Easy to add capacity
Cheaper per CPU/disk
Failure is the norm, not the exception

The catch

Need more complex software to coordinate many cheaper machines.

Problems with commodity hardware

Failure rates

1–5% of hard drives fail per year
~0.2% of DIMMs fail per year
On a 1,000-node cluster, expect failures every week

Network vs. shared memory

Much more latency than RAM
Network throughput << local disk throughput

Uneven performance

“Stragglers” slow the entire job

Big data processing systems are built on average machines that fail pretty often.

The software must treat failure as a routine event, not an exception.

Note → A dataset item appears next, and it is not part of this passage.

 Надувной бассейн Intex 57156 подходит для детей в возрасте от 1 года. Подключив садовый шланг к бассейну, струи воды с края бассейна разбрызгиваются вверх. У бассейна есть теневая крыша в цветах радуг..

What is a distributed file system?

A distributed file system (DFS) stores data across many machines while presenting a single, unified namespace to clients.

Key properties

Single namespace: /user/data/logs/ looks the same from every node
Fault tolerance: data survives individual node failures
Scalability: add capacity by adding machines
Data locality: move computation to the data, not data to computation

The Google File System (2003): the blueprint

Why GFS matters

Google’s 2003 paper described a production file system built from commodity hardware, designed around the assumption that:

Component failures are the norm
Files are huge (multi-GB) and write-once/read-many
Sequential reads dominate random reads
Relaxed consistency is acceptable for batch workloads

GFS proved that a reliable, large-scale distributed file system could be built cheaply.

HDFS: the open-source GFS

Origin story

2004: Doug Cutting and Mike Cafarella implement GFS ideas in Java as part of Nutch → Nutch Distributed File System (NDFS)
2006: NDFS becomes HDFS when Hadoop is spun out of Nutch/Lucene
Yahoo! adopts Hadoop; Doug Cutting joins Yahoo!
2008: World record — 1 TB sorted in 209 seconds on a 910-node cluster

Why Hadoop won

Google File System is a proprietary product. Nobody outside Google could use it.

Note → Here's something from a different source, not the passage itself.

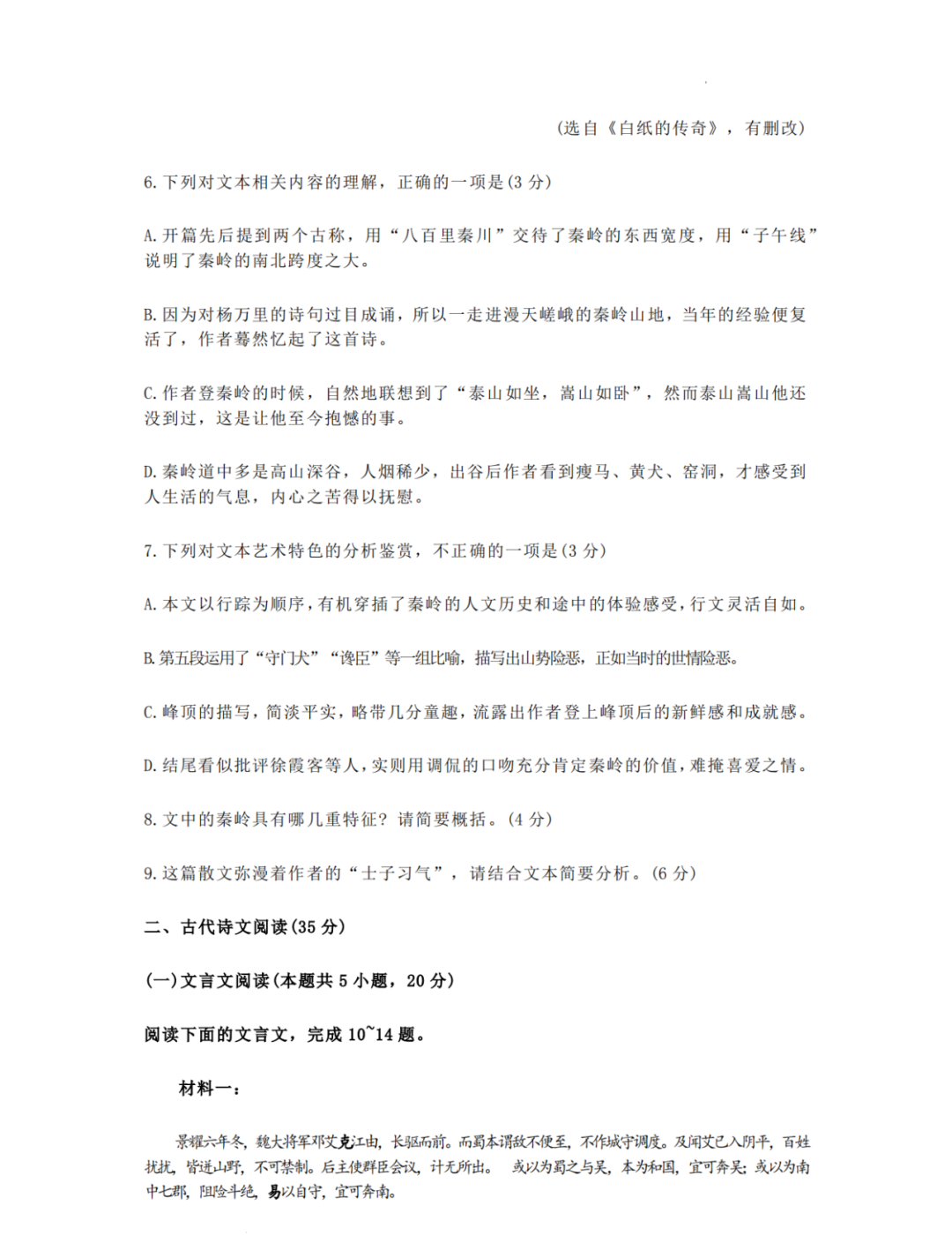 语文试卷:

Hadoop is open source (Apache License). Anyone can use, modify, and deploy it.

“Who has heard of Colossus?” (Google’s successor to GFS — almost nobody outside Google)

Open source → ecosystem → community → adoption.

HDFS architecture: NameNode and DataNodes

NameNode (master)

Manages the file system namespace: directory tree, file-to-block mappings, permissions
Stores metadata in memory (fsimage + edit log)
Does not store actual file data

DataNodes (workers)

Store and serve actual data blocks
Report block inventory to NameNode via heartbeats
Replicate blocks between each other on instruction

HDFS design principles

Block-based storage

Files are split into fixed-size blocks (default: 128 MB in HDFS 3.x)
Each block is stored independently on a DataNode
Allows large files to span many disks and machines

Replication

Each block is replicated 3× by default (configurable)
Replicas are placed across different nodes and racks
If a DataNode fails, the NameNode re-replicates its blocks elsewhere

Rack-aware placement

Data locality: move computation to the data

The key insight

Network is the bottleneck, not CPU.

Old model: copy data to where the code runs. HDFS/MapReduce model: run code where the data already lives.

When possible, the scheduler assigns work to a node that already holds the relevant block. This eliminates most network traffic for data-intensive workloads.

Consequence: HDFS is tightly coupled to Hadoop/YARN

YARN resource manager knows which DataNode holds which blocks
Assigns Map tasks to nodes with local copies first
Falls back to same-rack nodes, then cross-rack

HDFS is designed for specific workloads

Pattern	HDFS handles well	HDFS handles poorly
File size	Large files (GB–TB)	Millions of small files
Access pattern	Sequential reads	Random reads/writes
Write pattern	Write-once, append-only	Frequent overwrites
Latency	High throughput	Low-latency access
Clients	Batch jobs	Interactive queries

Note

HDFS is optimized for the analytics batch processing use case — reading entire datasets sequentially — not for serving web requests or online transactions.

HDFS scalability

Scaling is linear

Add a DataNode → cluster gains storage and bandwidth
NameNode can manage hundreds of millions of blocks
Real-world clusters:
- Yahoo! (2010): 4,000 nodes, ~70 PB
- Facebook (2010): 2,300 nodes, ~40 PB
- Twitter (2017): 500+ PB across clusters

HDFS vs. Cloud Object Storage

As cloud computing matured, object stores (S3, Azure Blob, GCS) became a popular alternative to HDFS for large-scale storage.

	HDFS	Cloud Object Store
Scalability	Bound by NameNode	Virtually unlimited
Coupling	Storage + compute together	Storage separate from compute
Cost	CapEx (servers)	OpEx (pay per GB)
Fault tolerance	3× replication	Built in (provider-managed)
Interface	POSIX-like CLI / Java API	REST API (`s3://`, `abfs://`)
Data locality	Yes	No (network always)

De-coupling storage from compute

The modern cloud data lake pattern

Storage and compute are separate, independently scalable systems.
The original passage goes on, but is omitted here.